The dynamics of multiply charged (excited) molecular cations could be finely probe using physical techniques giving insight into ultrafast chemical processes at the fs timescale. We have recently implemented a strategy based on the combination of experimental and theoretical studies to successfully disentangle the complicated fragmentation dynamics of complex molecular systems after ionization and excitation in collisions with energetic multiply charged ions. We obtain the experimental data in the gas phase for neutral molecules in collisions with low-energy highly charged ions. State-of-the-art multicoincidence detection mass spectrometric techniques were used to determine the charge state of the molecule before fragmentation. The experimental data were analyzed by means of quantum chemistry calculations (density functional theory and ab-initio molecular dynamics). The calculated fragmentation pathways leading to the most abundant fragments observed in the mass spectra allow us to discern the structure of these ions and how they are produced.

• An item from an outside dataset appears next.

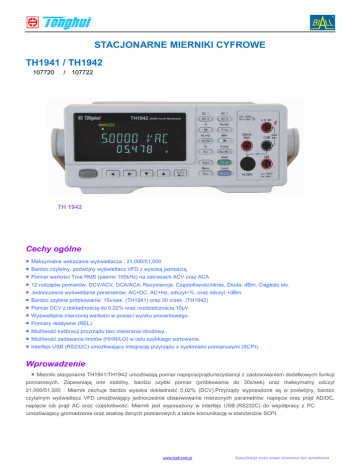 STACJONARNE MIERNIKI CYFROWE TH1941 / TH1942 107720 / 107722 TH 1942 Cechy ogólne ■ Maksymalne wskazanie wyświetlacza : 21,000/51,000 ■ Bardzo czytelny, podwójny wyświetlacz VFD z wysoką jasnością. ■ Pomiar wartości True RMS (pasmo 100kHz) na zakresach ACV oraz ACA. ■ 12 rodzajów pomiarów: DCV/ACV, DCA/ACA, Rezystancja, Częstotliwość/okres, Dioda, dBm, Ciągłość etc. ■ Jednoczesne wyświetlanie parametrów: AC+DC, AC+Hz, odczyt+%, oraz odczyt +dBm ■ Bardzo szybkie próbkowanie: 15x/sek. (TH1941) oraz 30 x/sek. (TH1942) ■ Pomiar DCV z dokładnością do 0.02% oraz rozdzielczością 10µV ■ Wyświetlanie mierzonej wartości w postaci wyniku procentowego. ■ Pomiary relatywne (REL). ■ MoŜliwość kalibracji przyrządu bez otwierania obudowy. ■ MoŜliwość zadawania limitów (HI/IN/LO) w celu szybkiego sortowania. ■ Interfejs USB (RS232C) umoŜliwiający integrację przyrządu z systemami pomiarowymi (SCPI). Wprowadzenie ■ Mierniki stacjonarne TH1941/TH1942 umoŜliwiają pomiar napięcia/prądu/rezystancji z zastosowaniem dodatkowych funkcji pomiarowych. Zapewniają one stabilny, bardzo szybki pomiar (próbkowanie do 30x/sek) oraz maksymalny odczyt 21,000/51,000 . Miernik cechuje bardzo wysoka dokładność 0,02% (DCV).Przyrządy wyposaŜone są w podwójny, bardzo czytelnym wyświetlacz VFD umoŜliwiający jednocześnie obserwowanie mierzonych parametrów: napięcie oraz prąd AD/DC, napięcie lub prąd AC oraz częstotliwość. Miernik jest wyposaŜony w interfejs USB (RS232C) do współpracy z PC umozliwiajacy gromadzenie oraz analizę danych pomiarowych a takŜe komunikację w standardzie SCPI. www.biall.com.pl Specyfikacja moŜe zostać zmieniona bez uprzedzenia Specyfikacja Model TH1941 Środowisko pomiaru TH1942 PoniŜsza specyfikacja została określona dla trybu “slow”. Pozostałe informacje odnośnie pomiarów znajdują się w instrukcji obsługi. Okres kalibracji: 1 rok Środowisko pracy: 18°C÷28°C, ≤90%RH, and ≤70%RH (dla zakresu rezystancji: 5MΩ÷50MΩ) Czas nagrzewania przyrządu: 30 minut Dokładność: ± (odcz.% + zakr.%) ℃ (dla zakresu temperatur 0℃ ℃ ÷18℃ ℃ oraz 28℃ ℃÷40℃ ℃) Współczynnik temp: +0.1×okreś.dokł/℃ Próbkowanie (odcz./sek) DCV,DCA ACV,ACA Rezystancja AC+DC AC+Hz Częstotliwość DCV 200mV/500mV 2V/5V Zakresy 20V/50V 200V/500V 1000V Odczyt max. Rozdzielczość Dokładność Impedancja wejściowa Odczyt max. Rozdzielczość Dokładność Impedancja wejściowa 210.00 2.1000 21.000 210.00 1200.00 10µV 100µV 1mV 10mV 100mV 0.03+0.02 0.03+0.01 0.03+0.01 0.03+0.01 0.03+0.01 10MΩ 11.1MΩ 10.1MΩ 10MΩ 10MΩ 510.00 5.1000 51.000 510.00 1200.00 10µV 100µV 1mV 10mV 100mV 0.02+0.016 0.02+0.008 0.02+0.008 0.02+0.008 0.02+0.008 10MΩ 11.1MΩ 10.1MΩ 10MΩ 10MΩ DCA Odczyt max. Rozdzielczość Dokładność Odczyt max. Rozdzielczość Dokładność Zakresy Medium 8 8 8 1.5 1.5 8 Slow 2.5 2.5 2.5 0.5 0.5 4 Medium 12 12 12 1.5 1.5 8 Fast 30 30 30 3.5 3 12 Napięcie obciąŜenia / rezystancja bocznika 2mA/5mA 20mAV/50mA 200mA/500mA 2A/5A 20A 2.1000 21.000 210.00 2.1000 20.000 200mV 10µV 1.20+0.16 50~20 kHz 0.5+0.1 20k~50 kHz 50k~100 kHz 2.0+0.2 5.0+0.8 0.1µA 1µA 10µA 100µA 1mA 2V 100µV <0.3V/100Ω <0.04V / 1Ω <0.3V / 1Ω <0.05V / 10mΩ <0.6V / 10mΩ 750V 100mV 0.8+0.08 1.5+0.08 5.0+0.3 2mA 20mA Rozdzielczość 20~50 Hz Dokład 50~2 kHz ność 2k~20 kHz Napięcie obciąŜenia / rezystancja bocznika Rezystancja 200Ω/500Ω 2 kΩ/5 kΩ 20 kΩ/50 kΩ Zakresy 200 kΩ/500 kΩ 2MΩ/5 MΩ 20MΩ/50 MΩ Częstotliwość 500 Hz 5kHz 0.1µA 1.50+0.2 1µA 2+0.2 0.1+0.010 0.1+0.008 0.1+0.008 0.3+0.010 0.3+0.010 20V 200V 1mV 10mV ------ 0.4+0.05 ACA Zakresy Fast 15 15 15 3.5 3 12 Napięcie obciąŜenia / ACV Rozdzielczość 20~50 Hz Dokład ność Slow 2.5 2.5 2.5 0.5 0.5 4 200m A 10µA 0.5+0.12 2+0.15 rezystancja bocznika 5.1000 51.000 510.00 5.1000 20.000 500mV 10µV 1.20+0.16 0.4+0.0 6 1.5+0.1 3.0+0.3 0.1µA 1µA 10µA 100µA 1mA 5V 100µV 50mA 0.05+0.010 0.05+0.008 0.05+0.008 0.25+0.010 0.25+0.010 50V 500V 1mV 10mV ------ 0.35+0.02 20A 5mA 100µA 2.00+0.2 0.5+0.2 1mA 0.1µA 1µA 10µA 1.50+0.16 0.5+0.08 2+0.16 2+0.12 ------ Identyczne jak dla zakresów DCA. 0.50+0.03 1.00+0.04 3.0+0.1 2A ------ <0.6V/100Ω <0.08V / 1Ω <0.8V / 1Ω <0.1V / 10mΩ <0.6V / 10mΩ 750V 100mV 500mA 5A 20A 100µA 1mA 2.00+0.16 0.5+0.1 ----------- Identyczne jak dla zakresów DCA. Odczyt max. Rozdzielczość Prąd testu Dokładność Odczyt max. Rozdzielczość Prąd testu Dokładność 210.00 2.1000 21.000 210.00 2.1000 21.000 10mΩ 100mΩ 1Ω 10 Ω 100 Ω 1kΩ 0.5 mA 0.45 mA 45µA 4.5µA 450nA 45nA 0.10+0.02 0.10+0.01 0.10+0.01 0.10+0.01 0.15+0.01 0.30+0.02 510.00 5.1000 51.000 510.00 5.1000 51.000 10mΩ 100mΩ 1Ω 10 Ω 100 Ω 1kΩ 0.5 mA 0.45 mA 45µA 4.5µA 450nA 45nA 0.10+0.010 0.10+0.008 0.10+0.008 0.10+0.008 0.15+0.008 0.30+0.010 Odczyt max. Rozdzielczość Dokładność Czułość Odczyt max. Rozdzielczość Prąd testu Czułość 510.00 5.1000 0.01Hz 0.1Hz 200mV rms 300mV rms 510.00 5.1000 0.01Hz 0.1Hz 51.000 1Hz 300mV rms 51.000 1Hz 500kHz 999.99 10Hz 500mV rms 999.99 10Hz 0.05+0.02 0.01+0.02 0.01+0.00 8 0.01+0.00 8 200mV rms 300mV rms 50kHz 0.05+0.02 0.01+0.02 0.01+0.00 8 0.01+0.00 8 www.biall.com.pl 300mV rms 500mV rms Specyfikacja moŜe zostać zmieniona bez uprzedzenia Funkcje pomiarowe Rodzaje DCA , ACA, DCV, ACA, Rezystancja, Częstotliwość, Okres, Ciągłość, Dioda pomiarów pomiar w Funkcje matematyczne Zmiana %, dBm, REL Automatyczna, Ręczna zakresów zakres w Wyświetlacz Wy wietlacz VFD,podwójny Odczyt Tryb pojedyńczy: wszystkie mierzone parametry Tryb podwójny: V AC+V DC, I AC+I DC, V AC+Hz, I AC+Hz, Odczyt+%, Odczyt+dBm, Odczyt+Max/Min Tryb wyzwalania INT/MAN/BUS Funkcja HOLD UmoŜliwia zatrzymanie na wyświetlaczu wyniku, który najbardziej odpowiada stanowi faktycznemu zgodnie z załoŜona dokładnością. Komparator UmoŜliwia zadanie wartości: HI, IN, LO oraz wyzwalanie alarmu przy osi

In this seminar, this methodological approach has been applied to study the fragmentation dynamics of amino acids in the gas phase. In the fragmentation of GABA, we found that the intact molecule hardly survives the collision and that many fragments are observed corresponding to numerous dissociation channels (computed and detected). In the fragmentation dynamics of excited molecular glycine dications, doubly-charged molecular species were observed in the mass spectrum. The existence of these species can only be explained considering a fast intramolecular H migration mechanism followed by loss of neutral moieties. These processes appear in competition with the expected Coulomb repulsion of the doubly charged glycine that leads to fission in two singly charged cations. OH migration explains the characteristic fragmentation pathways of dicationic beta-alanine.